> **GOAL OF THE EXERCISE**: Below are some records. Return exactly their lines from the one containing "2021年10月6日網(wǎ" through the one containing "Neutral hues make", and drop the pictures.

> **RECORDS FOR THIS EXERCISE**:
************
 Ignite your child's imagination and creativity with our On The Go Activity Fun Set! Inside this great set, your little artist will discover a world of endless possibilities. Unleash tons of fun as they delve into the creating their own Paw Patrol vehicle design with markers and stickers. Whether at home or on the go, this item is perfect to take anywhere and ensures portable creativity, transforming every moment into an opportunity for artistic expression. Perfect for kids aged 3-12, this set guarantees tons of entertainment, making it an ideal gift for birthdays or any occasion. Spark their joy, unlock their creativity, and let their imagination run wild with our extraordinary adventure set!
************
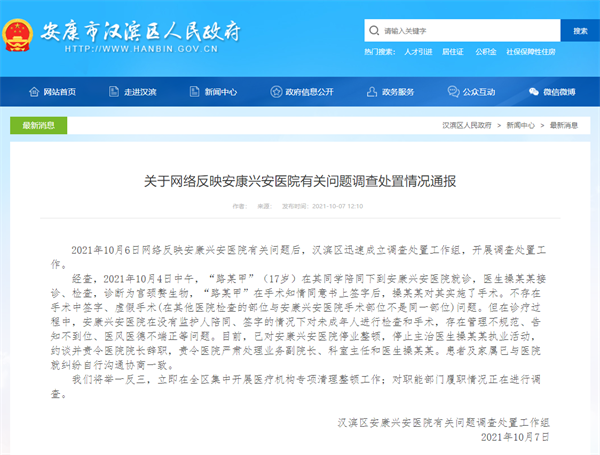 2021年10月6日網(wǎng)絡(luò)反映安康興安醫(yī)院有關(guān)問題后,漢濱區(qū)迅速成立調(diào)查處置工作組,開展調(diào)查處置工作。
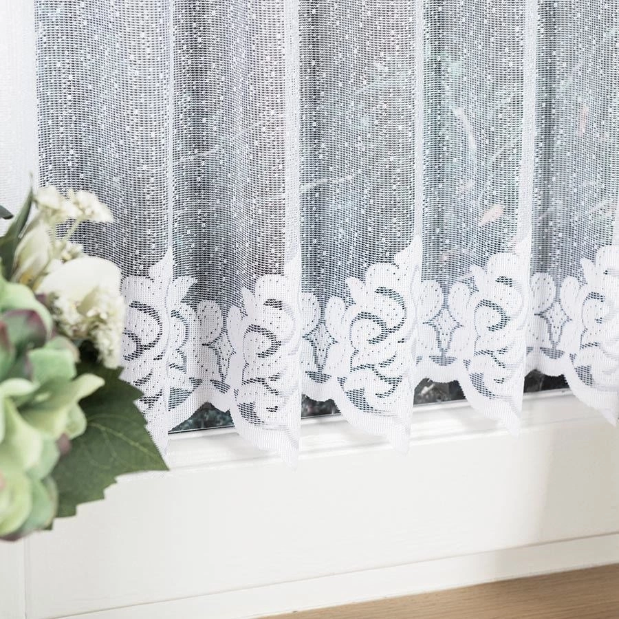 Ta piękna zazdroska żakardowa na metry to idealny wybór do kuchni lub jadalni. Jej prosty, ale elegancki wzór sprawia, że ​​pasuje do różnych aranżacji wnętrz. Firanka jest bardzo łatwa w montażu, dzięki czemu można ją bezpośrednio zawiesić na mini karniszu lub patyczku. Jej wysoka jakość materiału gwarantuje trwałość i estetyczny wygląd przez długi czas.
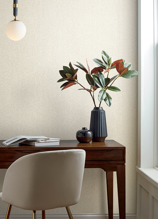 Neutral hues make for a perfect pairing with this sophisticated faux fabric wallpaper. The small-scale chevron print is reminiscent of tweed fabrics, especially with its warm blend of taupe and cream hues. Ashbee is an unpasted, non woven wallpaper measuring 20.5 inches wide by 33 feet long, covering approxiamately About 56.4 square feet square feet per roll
************
> **OUTPUT OF THE TASK**:
 2021年10月6日網(wǎng)絡(luò)反映安康興安醫(yī)院有關(guān)問題后,漢濱區(qū)迅速成立調(diào)查處置工作組,開展調(diào)查處置工作。
 Ta piękna zazdroska żakardowa na metry to idealny wybór do kuchni lub jadalni. Jej prosty, ale elegancki wzór sprawia, że ​​pasuje do różnych aranżacji wnętrz. Firanka jest bardzo łatwa w montażu, dzięki czemu można ją bezpośrednio zawiesić na mini karniszu lub patyczku. Jej wysoka jakość materiału gwarantuje trwałość i estetyczny wygląd przez długi czas.
 Neutral hues make for a perfect pairing with this sophisticated faux fabric wallpaper. The small-scale chevron print is reminiscent of tweed fabrics, especially with its warm blend of taupe and cream hues. Ashbee is an unpasted, non woven wallpaper measuring 20.5 inches wide by 33 feet long, covering approxiamately About 56.4 square feet square feet per roll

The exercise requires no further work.